Nos romances de Leonardo Padura, em que a abordagem social importa tanto ou mais que a trama policial, tem-se a crônica de Havana. Em “A Transparência do Tempo”, o personagem Mario Conde —desgraçadamente para ele, um amante do rock e dos boleros— chega à conclusão de que a trilha sonora cubana do momento é o reggaeton, cujas letras lembram as do funk carioca: “Dame um chupi chupi/ Que yo lo disfruti”.
“Mamãe, eu quero ir a Cuba e quero voltar”, ensina a rumba. Cada país com a sua sina. Aqui, como se não bastasse o governo, vivemos, na música popular, sob o signo da sofrência, a qual, como o reggaeton de Havana, está em todo lugar, sobretudo nas ruas, com o alto-falante dos carros a todo volume relatando as circunstâncias do último chifre.
A sofrência —neologismo que junta sofrimento e carência, próximo ao arcaísmo sofrença— não é bem uma novidade na música brasileira. Somos chegados aos abismos da depressão amorosa. É de Catulo da Paixão Cearense o verso “O prazer de ver a lágrima nos olhos a sofrer”. Antônio Maria curtia ficar de bode: “Ninguém me ama/ Ninguém me quer”. Guilherme de Brito mandava tirar o sorriso do caminho, que ele queria passar com a dor de cotovelo dele.
Apesar da fama de terra alegre e carnavalesca, nosso cancioneiro de fossa é enorme. A diferença é que, até um tempinho atrás, a culpada era sempre a mulher —ingrata, pérfida, traíra. Não por acaso, as letras das músicas eram escritas por homens, tirante uma Maysa ou uma Dolores Duran.
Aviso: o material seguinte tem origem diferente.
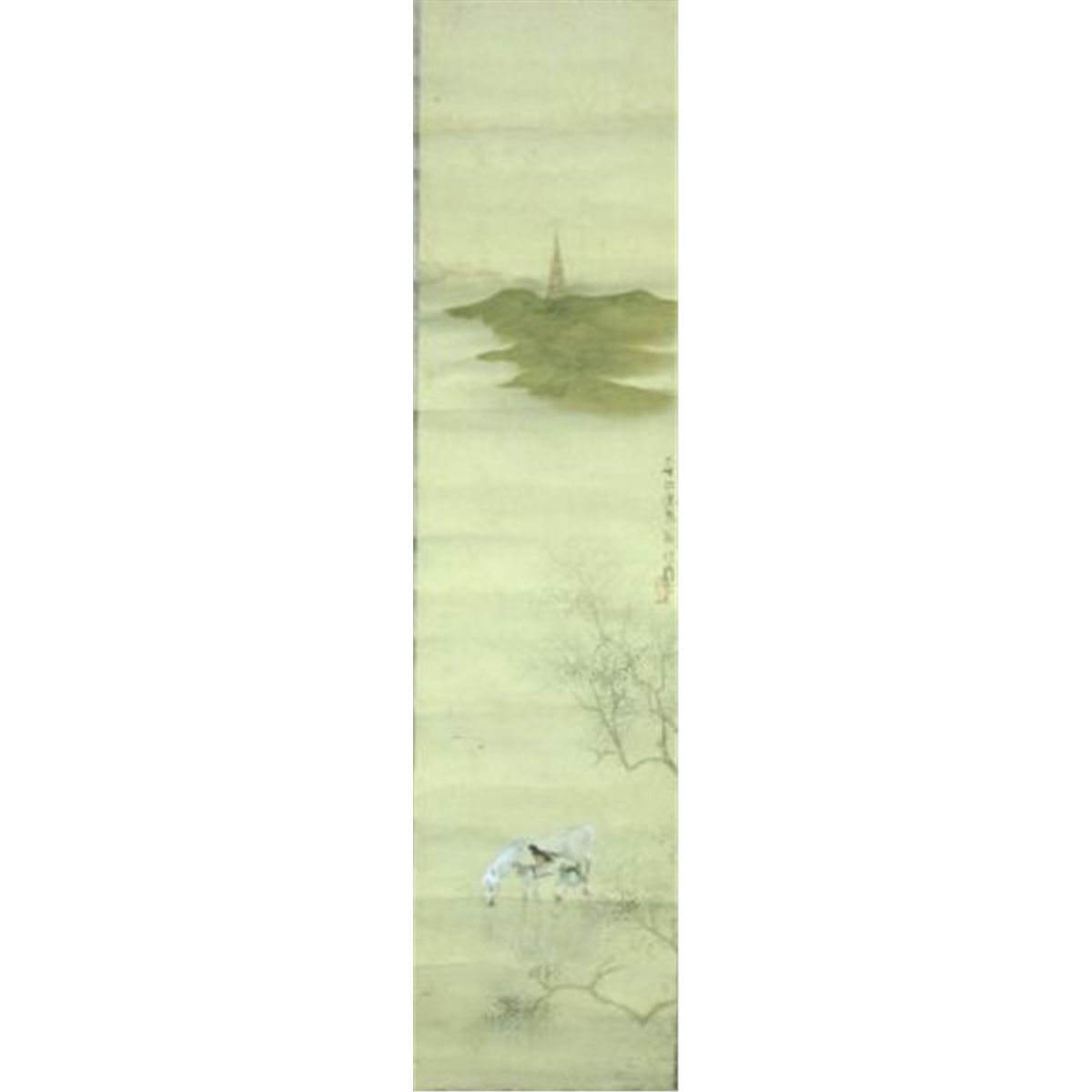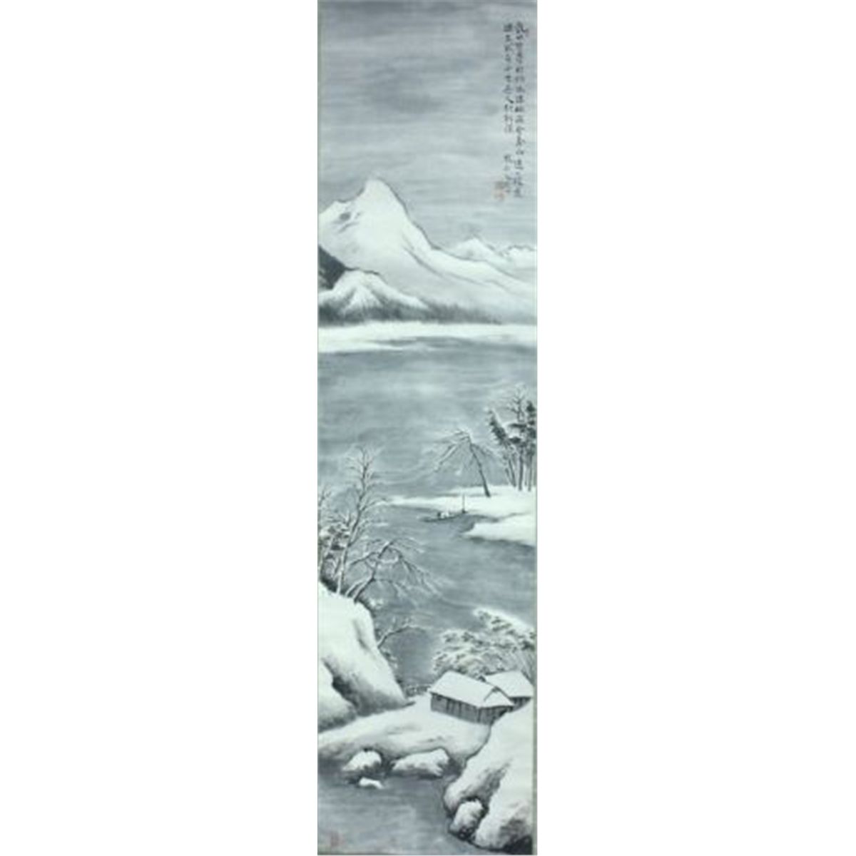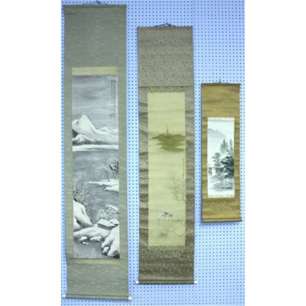 1- "Bridge with Rowboat", approx. 20.5" x 8". 1- "Winter Scene with Mountains, Lake & House", approx. 47.25" x 13". 1- "Floral" watercolor, approx. 14.5" x 17". Please read our terms of sale.

Agora brilha Marília Mendonça, a rainha da sofrência. Aos 23 anos, penando de amor há pelo menos dez, ela emagreceu, parou de fumar e está bebendo menos, quer dizer, só bebe cerveja sem glúten. Suas canções têm bilhões de visualizações no YouTube: “Quem eu quero não me quer/ Quem me quer, não vou querer/ Ninguém vai sofrer sozinho/ Todo mundo vai sofrer”. Viramos a Argentina.